Monday, January 21, 2008

Comparing Bump and Bate

In Jerome Bump's The Logic of Humanities Essay and W. J. Bate's  The Sympathetic Imagination, both author's particularize tenable generalizations. "When we focus on human questions especially we must be wiling to suspend theory in order to focus on what the person or object in front of us might teach us". (332) Bump's notion of logic in regards to humanities bumps traditional theory aside and draws on a more rounded notion of humanities from an individual-based perspective. "In the questions of human nature, therefore, such as those concerning the creative process, the emphasis in the arts and the humanities often remains on individuals". (333) 
 
 
Both authors clearly understand that reason and emotion are, indeed, inseparable. Bate defines his propositional comparative notion of The sypathetic  imagination  vs.  reason by elaborating that, "By its sympathetic identification the imagination perceives, as abstract reason cannot, the fundamental reality and inner working, the inner "truth" and nature of the particular, concrete object". (339) Bate's comparative analysis is prompted by the definition of The sympathetic imagination: "is the ability of a person to penetrate the barrier which space puts between him and his object, and by actually entering into the object, so to speak, to secure a momentary but complete identifications with it". (339) Interestingly, Bate's syllogistic reasoning leads his imagination as uses a quote from Keats, "If a sparrow comes before my Window, I take part in its existence and pick about the gravel." (339)
 
The readings of Bump and Bate correlate similarly.
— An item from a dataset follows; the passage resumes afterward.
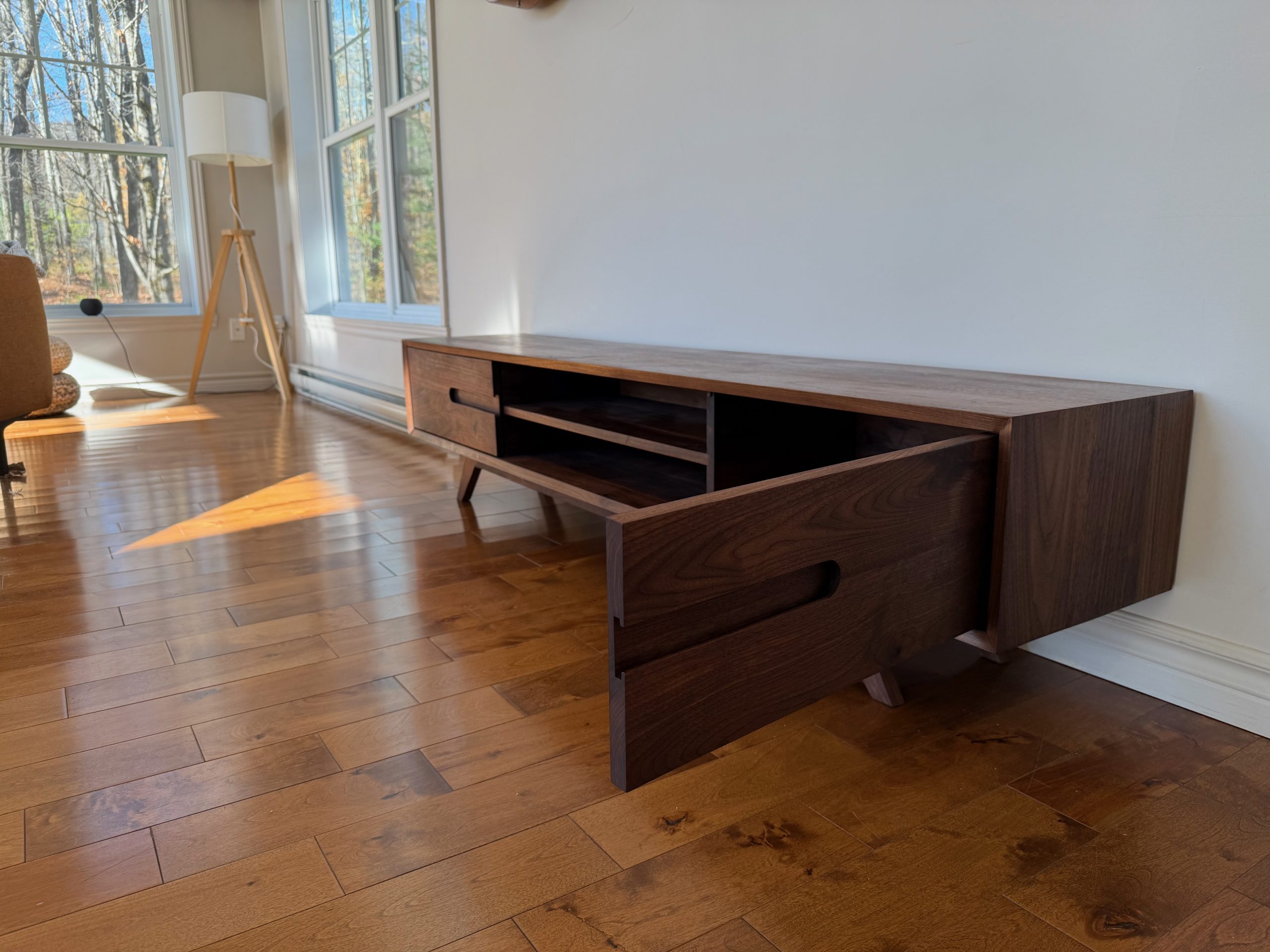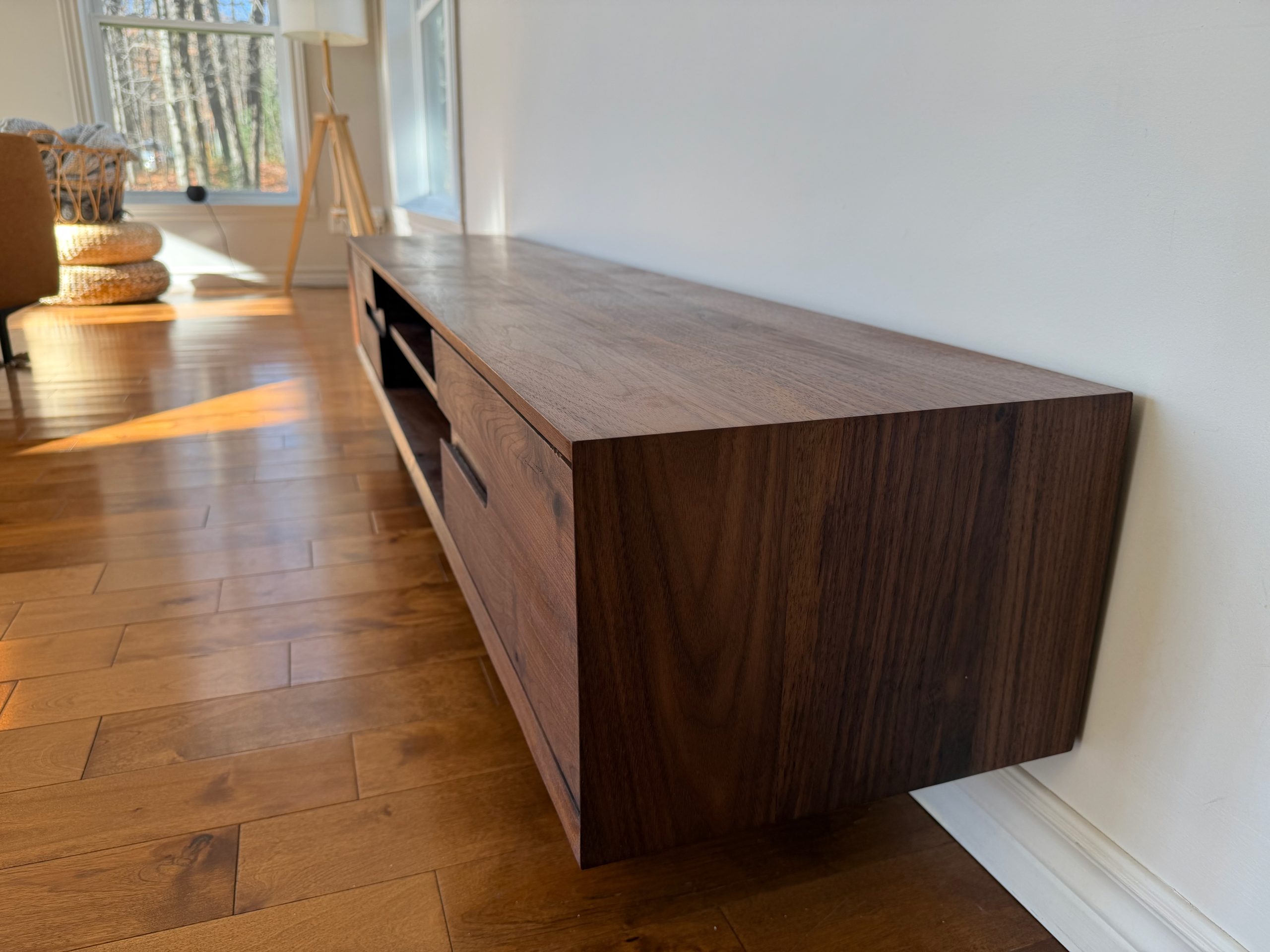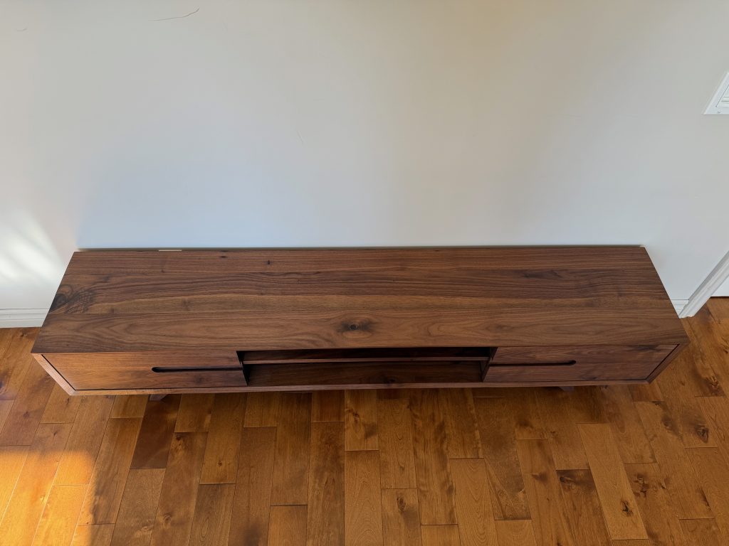 My most recent project was a black walnut under-projector console, to support my new sound bar. It’s all solid wood, 6 feet wide given how large my Sonos Arc Ultra is!

Bate's thoughts are elaborated, "As we have no immediate knowledge of what other men feel, we can form no idea of the manner in which they are affected, but by conceiving what we ourselves should feel in the like situation. Though our brother is upon the rack, as long as we ourselves are at our ease, our senses will never inform us of what he suffers". Bump's more concise statement is streamlined in a less verbose fashion. He writes,  "Lists statistical summaries, and generalizations result all too often in stereotypes,"  Extending his thought Bump quotes Newman's Grammar of Assent (1870), "there is no such thing as stereotyped humanity;"(333) "General laws are not inviable truths; much less they are necessary causes. 
 
In summary, both authors expand on the consciousness of concrete reasoning as opposed to traditional syllogistic logic. Though traditional logic often comes in handy, it is also our intuition and ability to sense, feel, observe, relate and reason in other fashions that drive the most sound devices of thinking.